The above re-classification of profiles does not affect the gene selection process. The default level of significance for re-classification is set at 0.10. However, a user can modify this choice by clicking the "Advanced" button and entering the desired level of significance for re-classification. Note that, by lowering this level of significance we increase the possibility for a gene to have "flat" regions in its dose-response/time-course profile.
The results for significant genes are saved to a text file and their profile fitted means as well as the raw sample means are displayed graphically. Q-values for each selected gene are calculated and stored in the output file (Storey, 2002). Gene ontology information for significant genes is provided where available.

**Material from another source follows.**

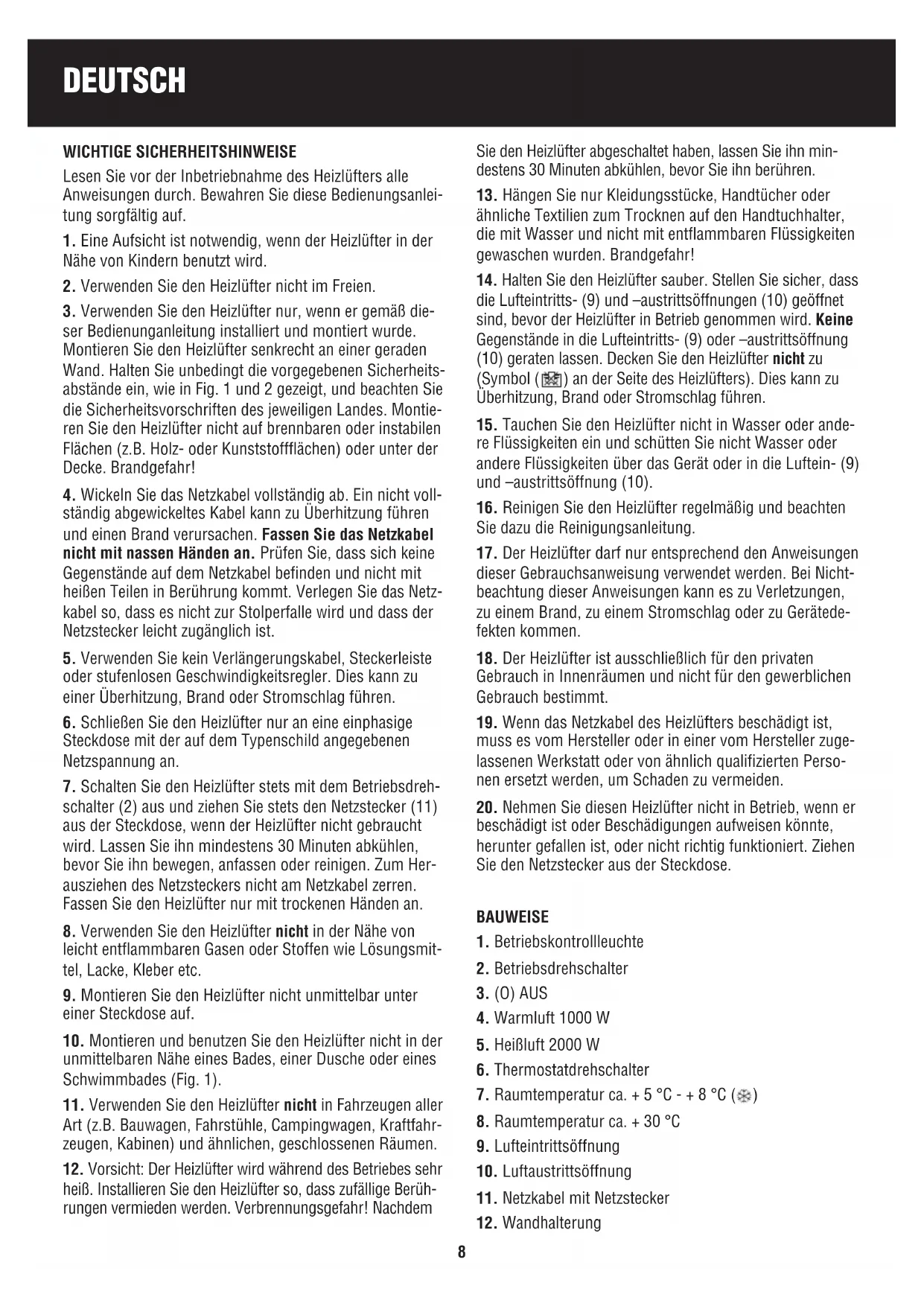 WICHTIGE SICHERHEITSHINWEISE Lesen Sie vor der Inbetriebnahme des Heizlüfters alle

Assumptions and limitations:
Acknowledgements
We thank Drs. Leping Li, David M. Umbach and Clarice Weinberg, Biostatistics Branch, NIEHS, for numerous discussions and their feedback during the preparation of this software.
References
Efron, B. and Tibshirani, R. (1993). An Introduction to the Bootstrap. Chapman and Hall Inc, New York, NY.
Hwang, J. and Peddada, S. (1994). Confidence interval estimation subject to order restrictions. Annals of Statistics, 22, 67-93.
Liu, D., Umbach, D. M., Peddada, S. D., Li, L., Crockett, P., and Weinberg, C. (2004). A Random-Periods Model for Expression of Cell-Cycle Genes. Proceedings of National Academy of Sciences, 101, No. 19, 7240-7245.
Peddada, S. Prescott, K. and Conaway, (2001). Tests for order restrictions in binary data. Biometrics, 57, 1219-1227.
Peddada, S., Lobenhofer, E., Li, L., Afshari, C., Weinberg, C., and Umbach. D. M. (2003). Gene selection and clustering for time-course and dose-response microarray experiments using order restricted inference. Bioinformatics, 7, 834-841.
Storey, J.D. (2002). A direct approach to false discovery rates. J. R. Stat. Soc. B, 64, 479-498.